In a new study with applications for the Middle East, a pair of US researchers finds wind turbines could help to reduce the adverse effects of climate change on agriculture, during the hotter summers that we expect in our future.
We already know that wind power is a way to prevent climate change, because it reduces our dependence on fossil fuels. But what if wind turbines can also reduce the effects of our fossil energy dependence: the rise in temperatures, and the catastrophic effects that that is predicted to have on agriculture?

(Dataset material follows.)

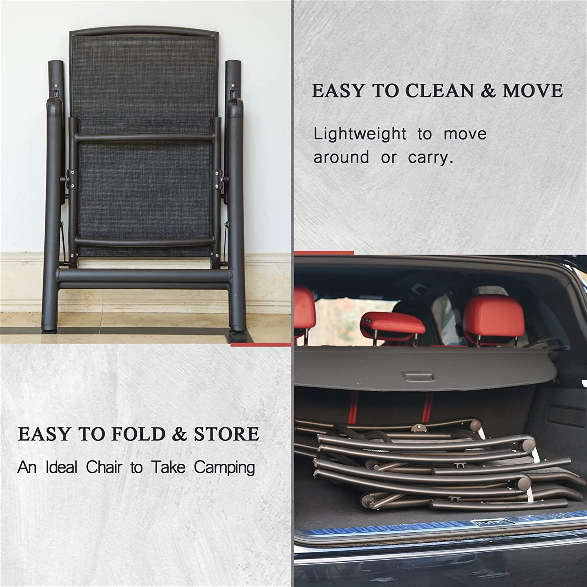 - [7 ADJUSTABLE POSITIONS]: There are 7 adjustable positions of backrest to meet your different needs. The folding chair LENGTHENS BACKREST UP TO 44.5’’ that can go past your head comfortably.

What if wind turbines can provide a little cooling effect – almost like giant fans in the sky – helping to also mitigate the effects of climate change? It turns out, that is exactly what happens.
Researchers have completed a months-long research program aimed at studying how wind turbines on US farmlands interact with their surrounding crops.
The preliminary findings were announced at the annual meeting in San Francisco of the American Geophysical Union by Ames Laboratory associate and agricultural meteorology expert Gene Takle, a researcher at the U.S. Department of Energy’s Ames Laboratory and Julie Lundquist, assistant professor, Department of Atmospheric and Oceanic Sciences, at the University of Colorado at Boulder, joint appointee at the U.S. Department of Energy’s National Renewable Energy Laboratory, and Fellow of the Renewable and Sustainable Energy Institute.